> _Task prompt_: Repeat the whole listing word for word, skipping pictures.

> _Recorded information_:
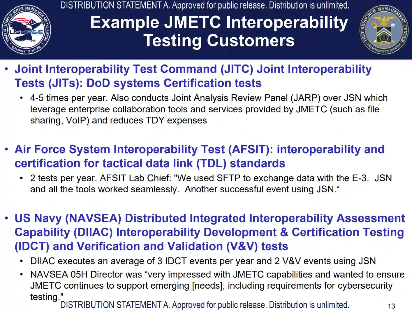 支持测试,以验证/测量系统和系统的联合互操作性,以及在一个强大的、与作战相关的环境中执行联合任务的有效性。
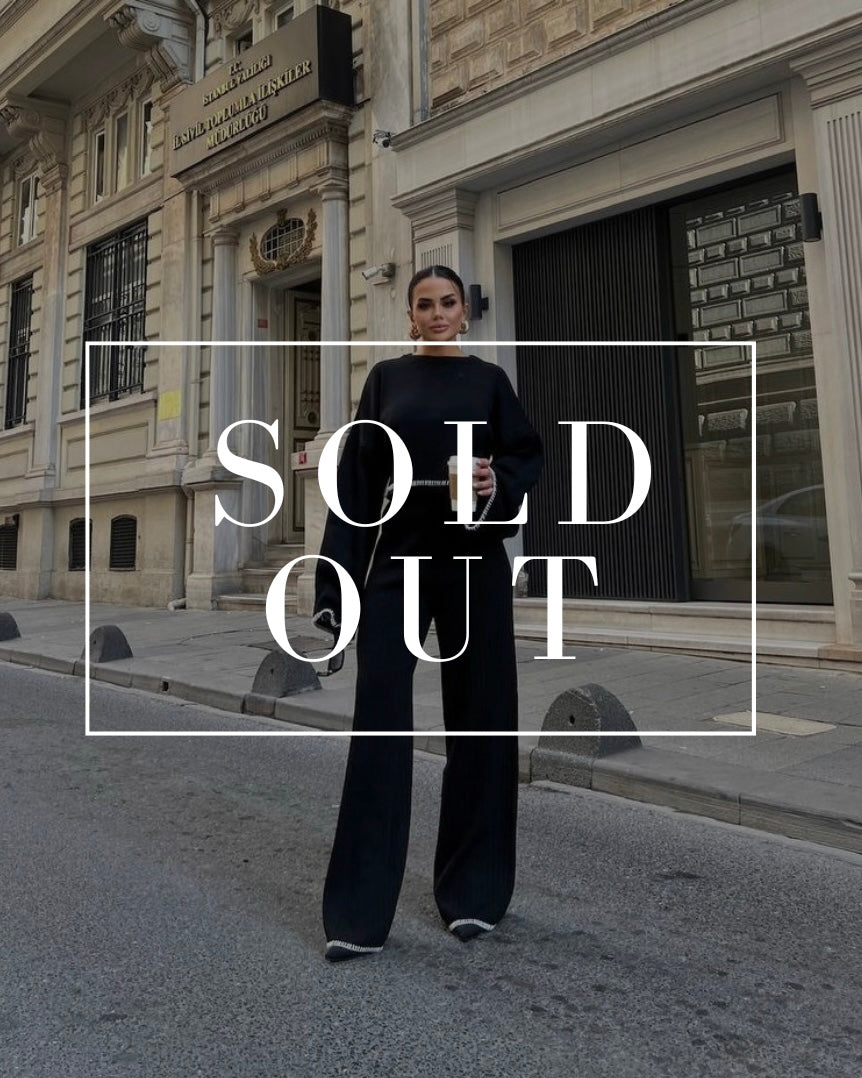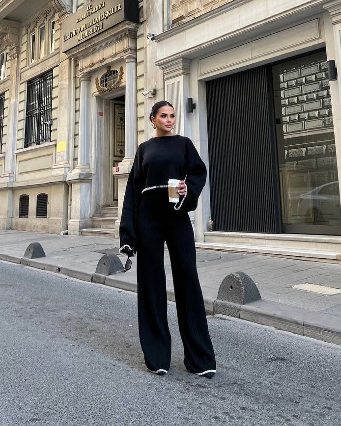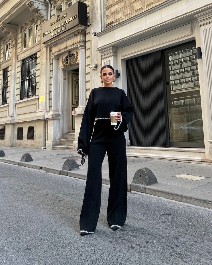 طقم أسود مريح يتميز السويتشيرت بقصة فضفاضة مع أكتاف منسدلة وتفاصيل خطوط بيضاء أنيقة على الحواف
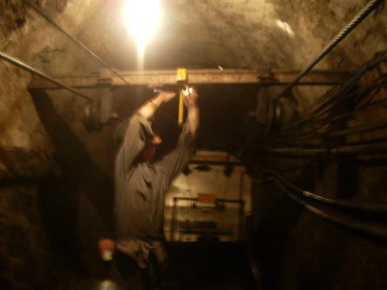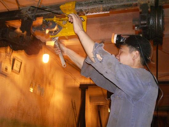 该装置在架空人车运行的340米巷道中,安装了一条钢索及2组停车按钮,与架空人车的限位装置串联在一起。在行车过程中如果遇到紧急情况,乘车人只要轻轻一拉停车钢索,机构马上动作,架空人车立即停止运转。该装置的安装,有效解决了紧急情况下架空人车司机未能及时停车的情况,保证了乘坐架空人车上下班的职工的人身安全,效果良好。 技术人员在安装停车按钮

> _The completed task_:
 支持测试,以验证/测量系统和系统的联合互操作性,以及在一个强大的、与作战相关的环境中执行联合任务的有效性。
 طقم أسود مريح يتميز السويتشيرت بقصة فضفاضة مع أكتاف منسدلة وتفاصيل خطوط بيضاء أنيقة على الحواف
 该装置在架空人车运行的340米巷道中,安装了一条钢索及2组停车按钮,与架空人车的限位装置串联在一起。在行车过程中如果遇到紧急情况,乘车人只要轻轻一拉停车钢索,机构马上动作,架空人车立即停止运转。该装置的安装,有效解决了紧急情况下架空人车司机未能及时停车的情况,保证了乘坐架空人车上下班的职工的人身安全,效果良好。 技术人员在安装停车按钮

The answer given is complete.